The weight of the collected muscle was measured, and the ratio of the fixed muscle (left leg muscle) weight to the non-fixed muscle (right leg muscle) weight was determined. The target muscles were gastrocnemius, soleus, plantar muscle, long finger extensor and anterior tibial muscle.

[result]
As shown in FIG. 9, in any muscle, the proportion of muscles recovered (fixed / non-fixed) was increased by administration of lactic acid and caffeine.

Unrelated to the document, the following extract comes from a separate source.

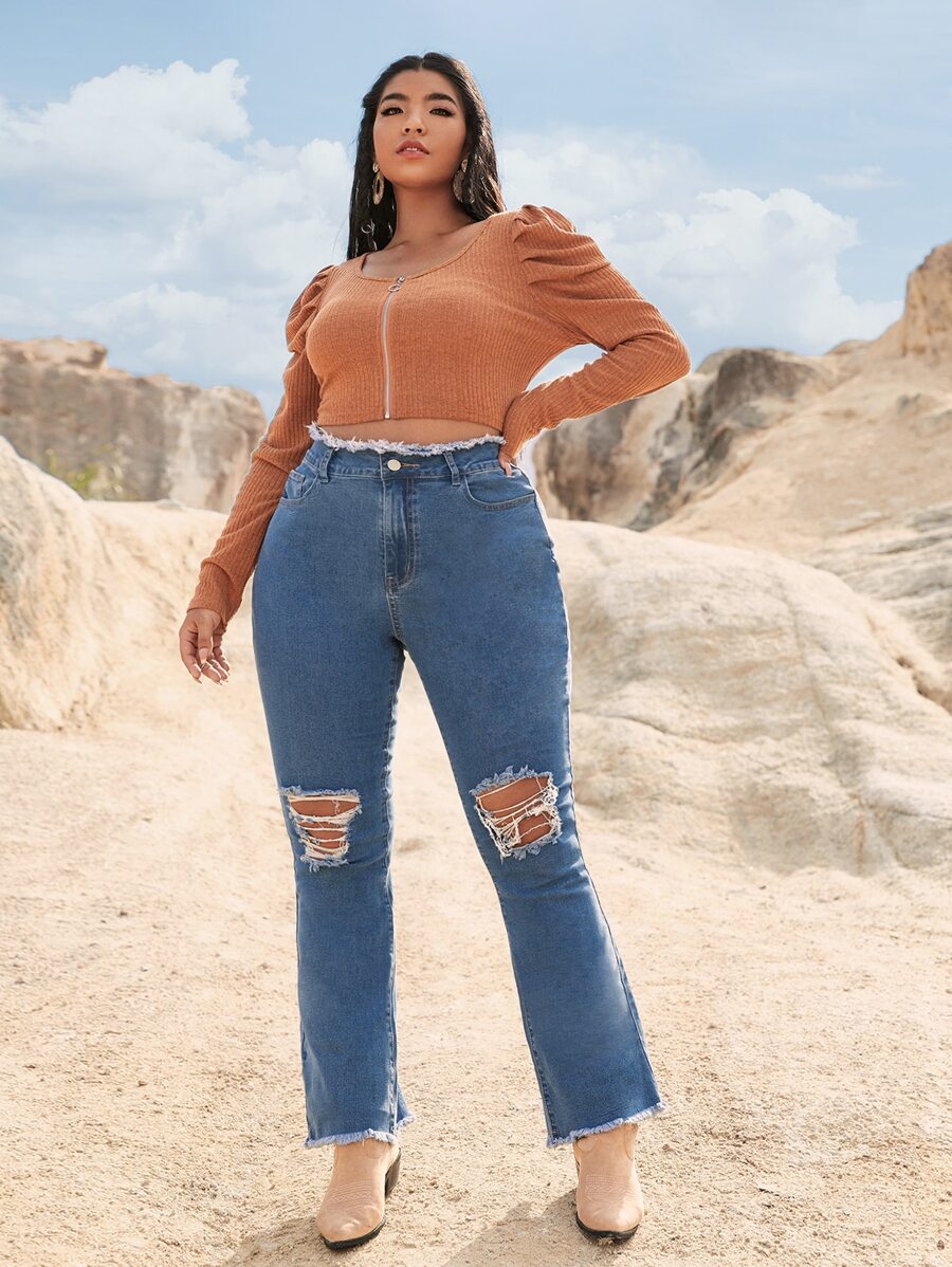 Jean évasé taille haute déchiré ourlet effiloché

From these results, it was suggested that the administration of lactic acid and caffeine has an effect of promoting muscle recovery (particularly, recovery of atrophied muscle).

Formulation example:
Based on the results of Examples 1 to 3, the following prescription examples are presented.

Formulation Example 1
Beverages were produced with the compositions shown in Table 6.

Formulation example 2
Beverages were produced with the compositions shown in Table 7.

Formulation Example 3
Beverages were produced with the compositions shown in Table 8.

Formulation Example 4
Beverages were produced with the compositions shown in Table 9.

Formulation Example 5
Beverages were produced with the compositions shown in Table 10.

Formulation Example 6
Hard capsules were produced with the compositions shown in Table 11.

Formulation Example 7
Hard capsules were produced with the compositions shown in Table 12.

Formulation Example 8
Hard capsules were produced with the compositions shown in Table 13.

Formulation Example 9
Beverages were produced with the compositions shown in Table 14.

Formulation Example 10
Beverages were produced with the compositions shown in Table 15.

Formulation Example 11
Tablets (tablets) were produced with the compositions shown in Table 16.

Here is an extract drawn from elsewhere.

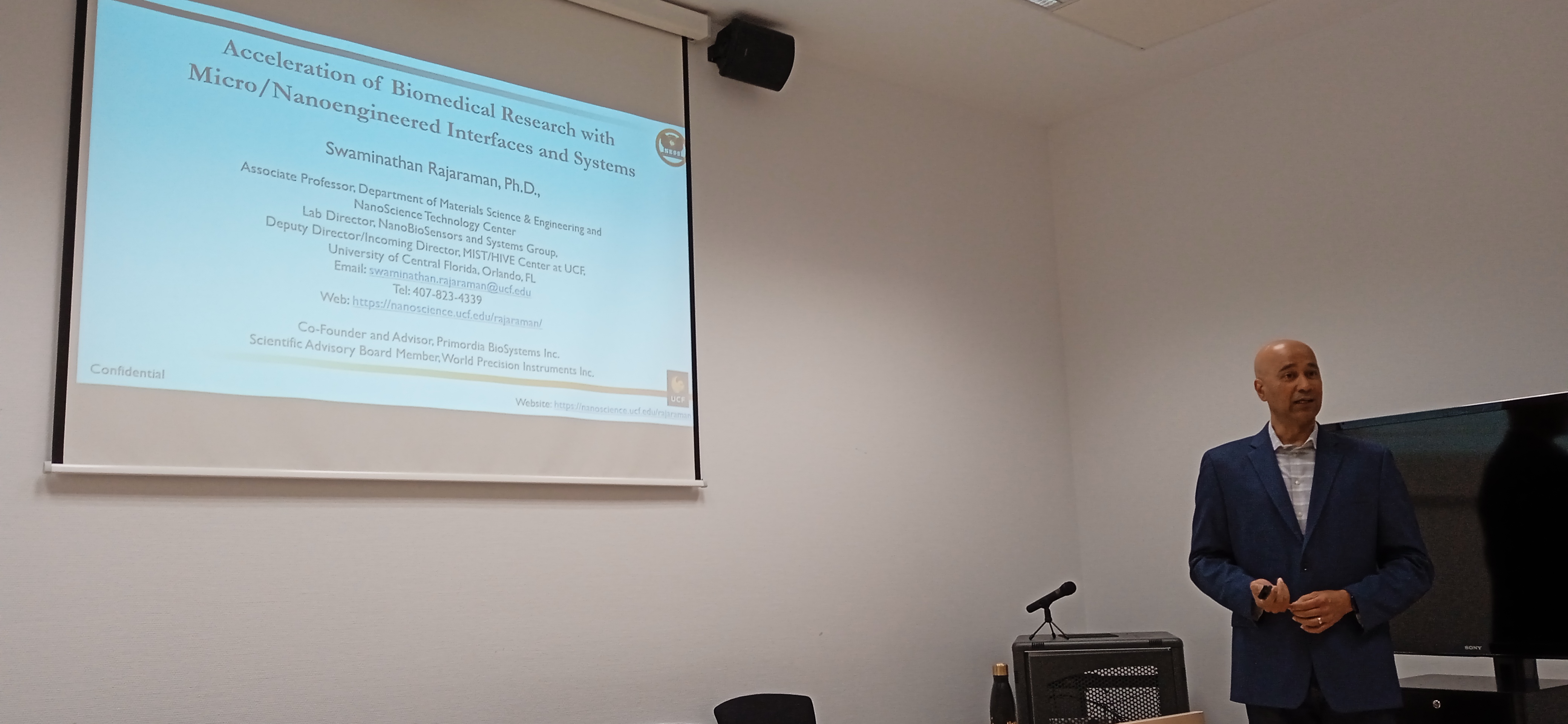 The 20th of September 2024, Prof. Swaminathan Rajaraman, from the Materials Science & Engineering, Electrical & Computer Engineering, Biomedical Engineering, Burnett School of Biomedical Sciences and the Nanoscience Technology Center at University of Central Florida, Orlando, Florida, USA gave a wonderful seminar entitled: Acceleration of Biomedical Research with Micro/Nanoengineered Interfaces and Systems.

  The composition of the present invention is useful in the food field from the viewpoint of having muscle strengthening action and the viewpoint of extremely high safety of its active ingredients.

Claims (1)

  It contains lactic acid and / or a salt thereof and caffeine, and the content ratio of lactic acid and / or a salt thereof and caffeine is converted into a weight ratio (however, in the weight of lactate, it is converted to a weight as lactic acid. Value is used), 0.9: 1 to 1000: 1.